Глава пятая Похищение сабинянок
Однако вернемся к событиям 31 марта.
Вот я у Пантенской заставы Парижа; на часах половина одиннадцатого, и я знаю, что через полчаса сюда прибудет Александр со свитой и у самых ворот его встретит принц Вюртембергский со своим доблестным 20-м егерским полком, прославившим себя во многих жарких сражениях. Александр поприветствует храбрецов, и после ответного громогласного «Ура-а-а!» настанет торжественная минута: под звуки музыки войска во всем блеске и величии, чеканя шаг, войдут в Париж. Полки, полки, полки… прусский гвардейский гусарский, лейб-казаки в красных мундирах, русская и прусская гвардия, австрийцы и все прочие, в том числе и французские эмигранты, бежавшие от Наполеона. К ним пристало и много любопытных из числа тех, кому было приказано оставаться в казармах, поскольку у них не было надлежащей экипировки. Да, за время долгих походов войска поизносились, поистрепались, и вместо мундиров русской армии на них можно было увидеть и крестьянские блузы, и женские кофты, и даже бурые рясы монахов. Но разве усидишь взаперти в такой день! И они не удержались, нарушили приказ и, украдкой покинув казармы, присоединились к торжественному шествию. Один из таких нарушителей вспоминал: «По левую руку от меня ехал лейб-медик принца в старом изношенном кителе и дырявой фуражке, по правую – прусский драгун, приветствовавший всех разряженных француженок неприличными гримасами. Передо мной двигался корпусной аудитор с крестьянской фуражкой на голове, а сзади – австрийский камергер в богатом гусарском мундире».
Неприличными гримасами! Наверняка, был пьян пруссак, позволил себе по такому случаю, осушил стаканчик на радостях, что остался жив во всей этой заварухе и даже дошел до Парижа…
Сен-Мартенское предместье, рабочая окраина Парижа, встретила союзников хмуро и неприветливо, и гусары, гвардейцы, казачки невольно заскучали, с унынием озираясь по сторонам: повеяло холодком.

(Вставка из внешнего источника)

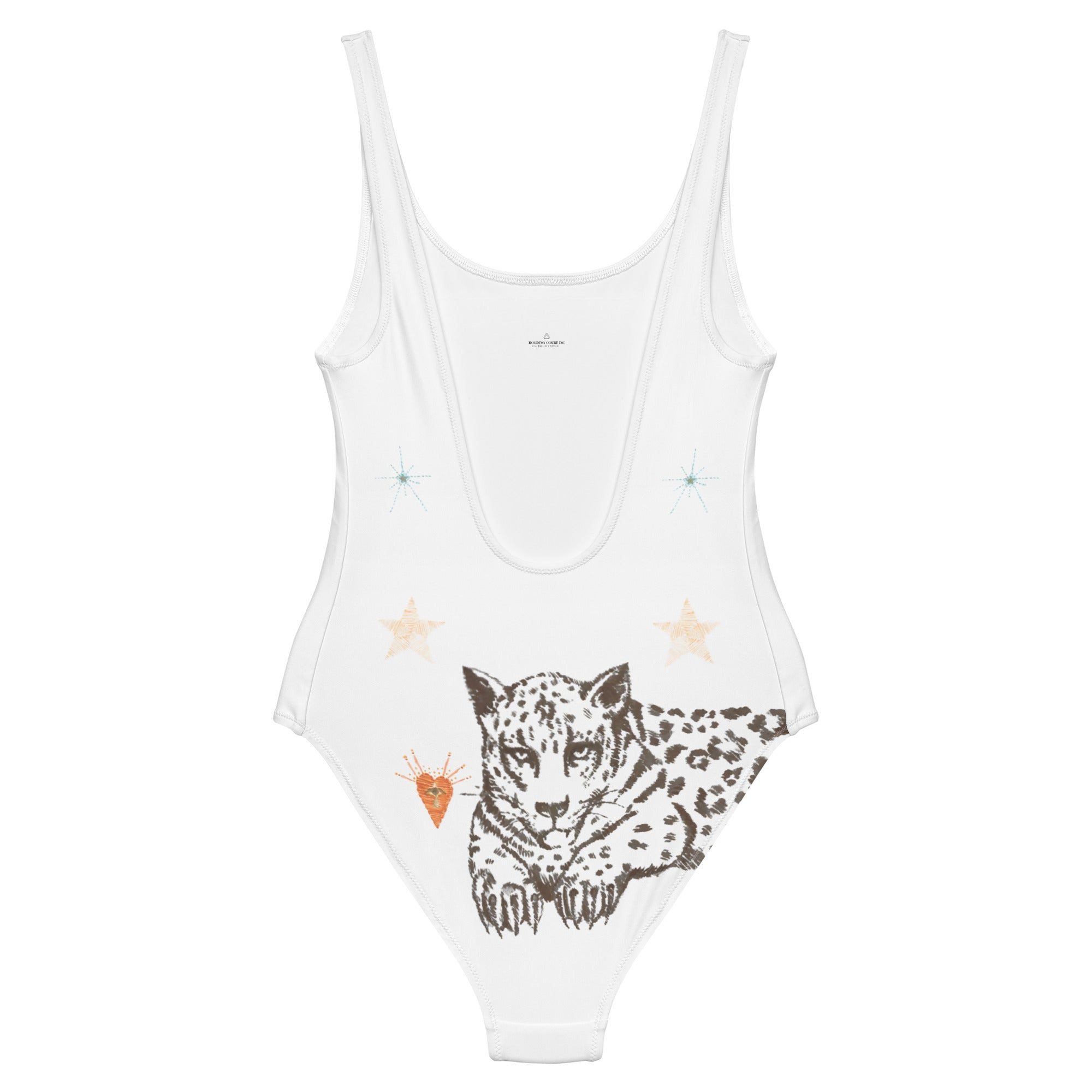 Introducing the elegant Lyra One Piece Swimsuit in White Jaguar, hand crafted to bring elegance and enchantment to your day. Sun and swim carefree knowing you helped give new life to this reusable fiber. Made from 100% recycled bottles and printed with eco friendly inks, the Vega Bikini takes it one step further with sustainability. Made-to-order in Mexico City, your new recycled bikini will take at tops ten days to get to your doorstep. So grab your place in line to get ahead. We're proud to bring you high-quality, eco-friendly clothing made to last. Holding Court Inc creates top-quality apparel using certified organic materials made in line with slow fashion methods. We're committed to eliminating waste by making all of our products to order, and planting trees for every order purchased, keeping our environmental impact to a minimum.As a small, female-owned business, every purchase you make at Holding Court Inc by Courtney Barriger supports an independent, sustainable brand and artists. So you can feel good knowing where your hard-earned dollars are going.• 82% Recycled Polyester, 18% Spandex• Fabric weight: 6.78 oz/yd² (230 g/m²), weight may vary by 5%• Chlorine-resistant fabric• Cheeky fit with a scoop neckline and a low scoop back• Zig-zag stitching• Double-layer front • Four-way stretch material stretches and recovers on the cross and lengthwise grains Size guide CHEST (inches) WAIST (inches) HIPS (inches) XS 33 ⅛ 25 ¼ 35 ⅜ S 34 ⅝ 26 ¾ 37 M 36 ¼ 28 ⅜ 38 ⅝ L 37 ¾ 29 ⅞ 40 ⅛ XL 41 33 ⅛ 43 ¼ 2XL 44 ⅛ 36 ¼ 46 ½ 3XL 47 ¼ 39 ⅜ 49 ⅝
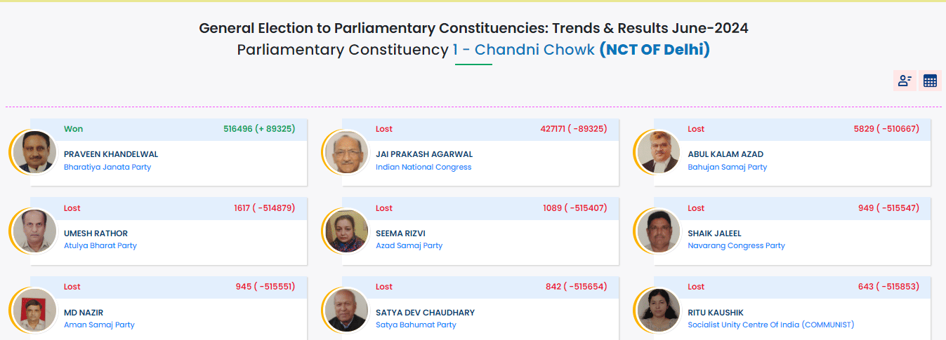 BJP candidate from Delhi's Chandni Chowk Lok Sabha seat Praveen Khandelwal defeated Congress veteran J P Agarwal by a margin of 89,325 votes. Khandelwal, a first-timer, was trailing Agarwal in the initial rounds. He secured a lead later and went on to win the seat.
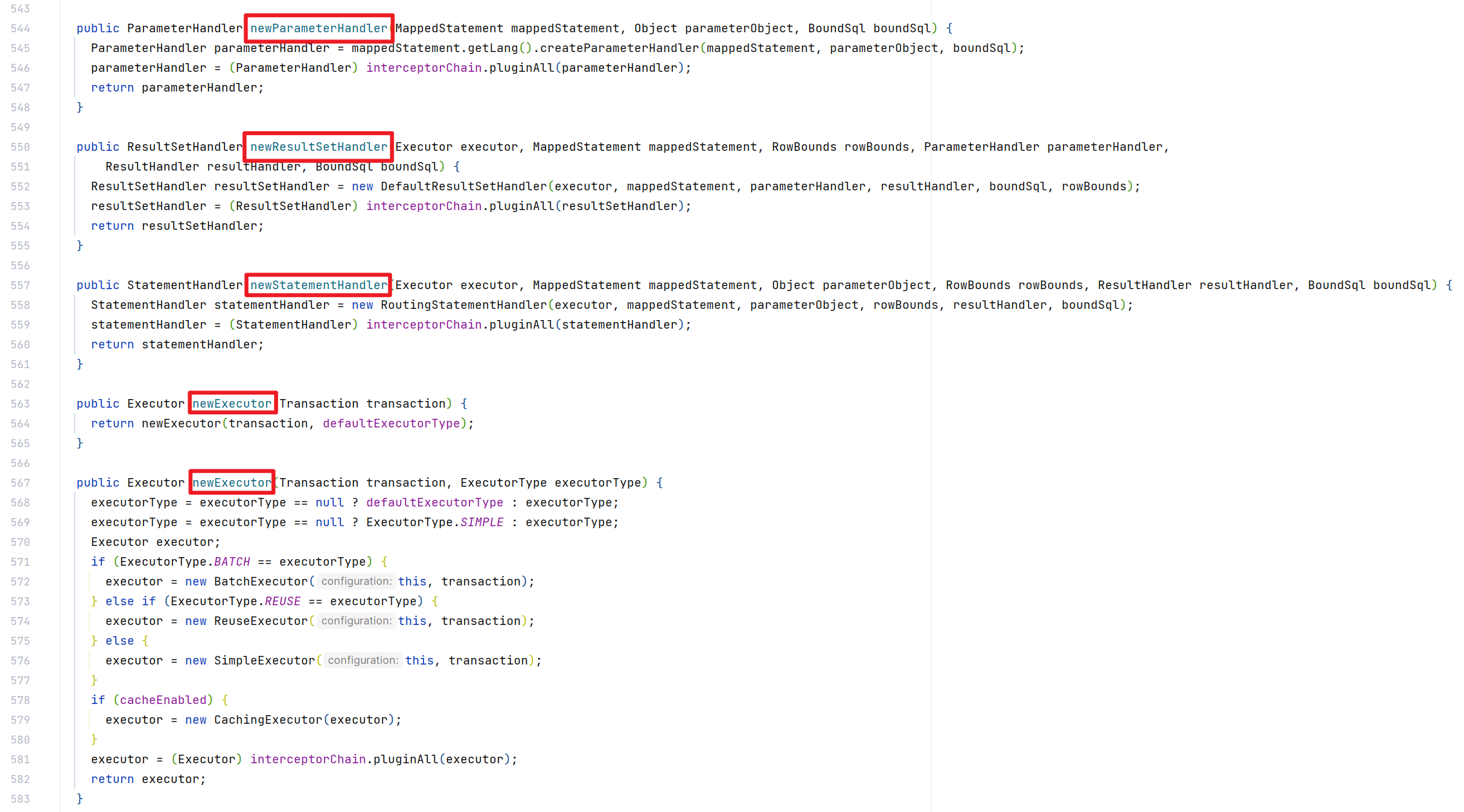 Configuration 类还可以创建其他的核心类实例,提供了如 newParameterHandler、newResultSetHandler、newStatementHandler、newExecutor 等方法。
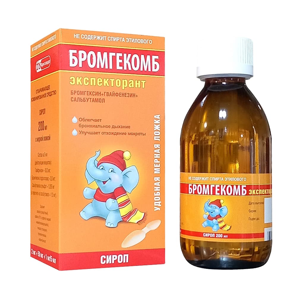 Бромгекомб экспекторант 2 мг + 50 мг + 1 мг/5 мл флакон сироп. 200 мл
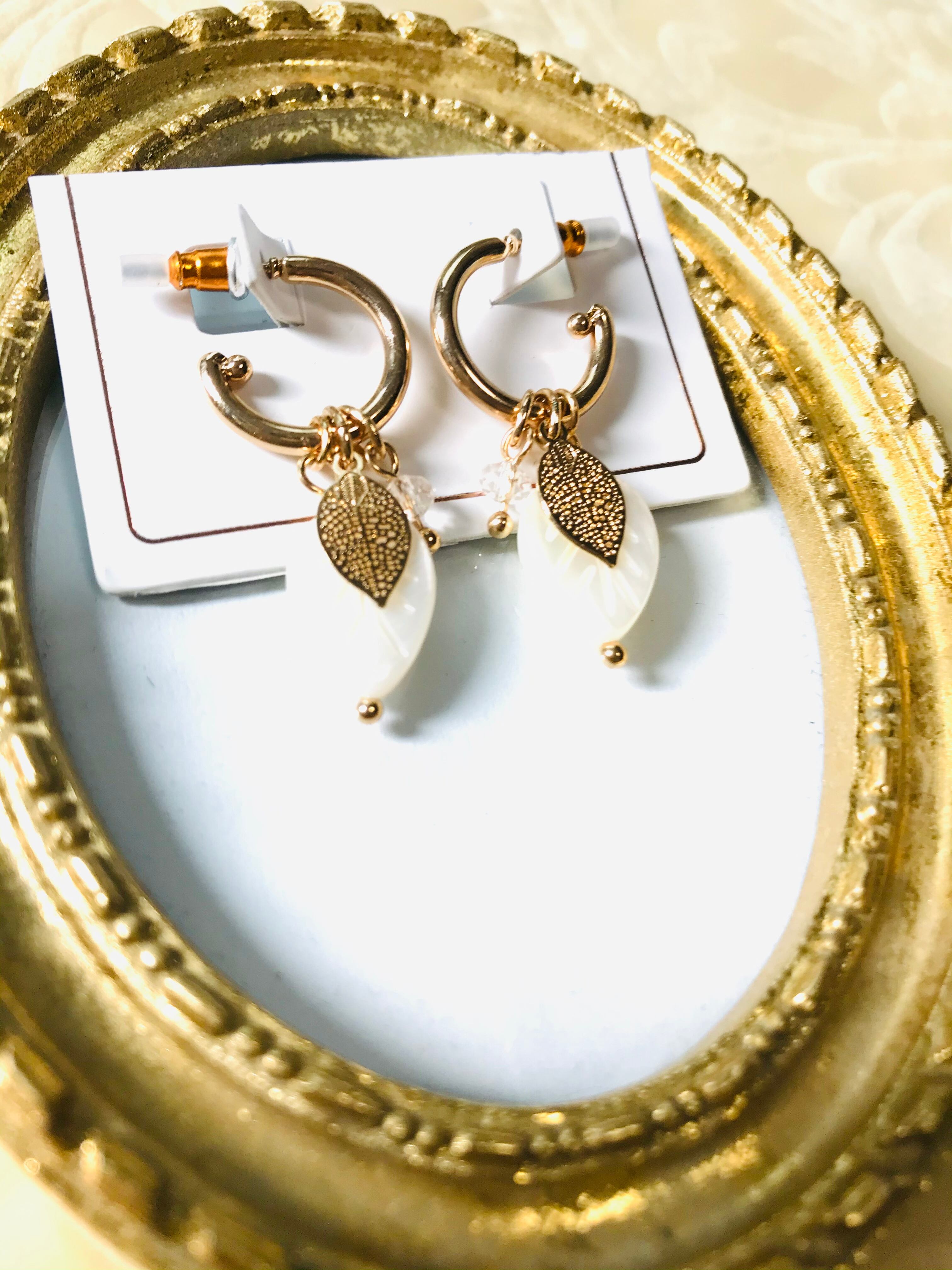ホワイトシェルとゴールドリーフの大人可愛いピアスがフランスより入荷しています。

Утлые домишки с облупившейся штукатуркой, ставни, висящие на одной петле, закоптелые трубы – не на что взглянуть! А тут еще блузники с их женами стоят, как мумии, с постными лицами, сложив на груди жилистые руки, а нахальные мальчишки озоруют, вопят и кривляются на обочинах. Кто-то даже пытается выкрикивать: «Да здравствует император Наполеон!» Но на Северном бульваре картина меняется, выглядит более яркой и пестрой, да и настроение становится праздничным, отвечающим торжественному дню. Здесь и дома повыше, в несколько этажей, с большими окнами, колоннами, архитектурной отделкой, и вообще есть что посмотреть: «При всех почти домах находятся богатые лавки с различными товарами. Серебряные и галантерейные ряды блестят на каждой улице. Художники и разного рода промышленники означаются бесчисленными вывесками, пестреющими на всех домах. Все улицы… вымощены камнем».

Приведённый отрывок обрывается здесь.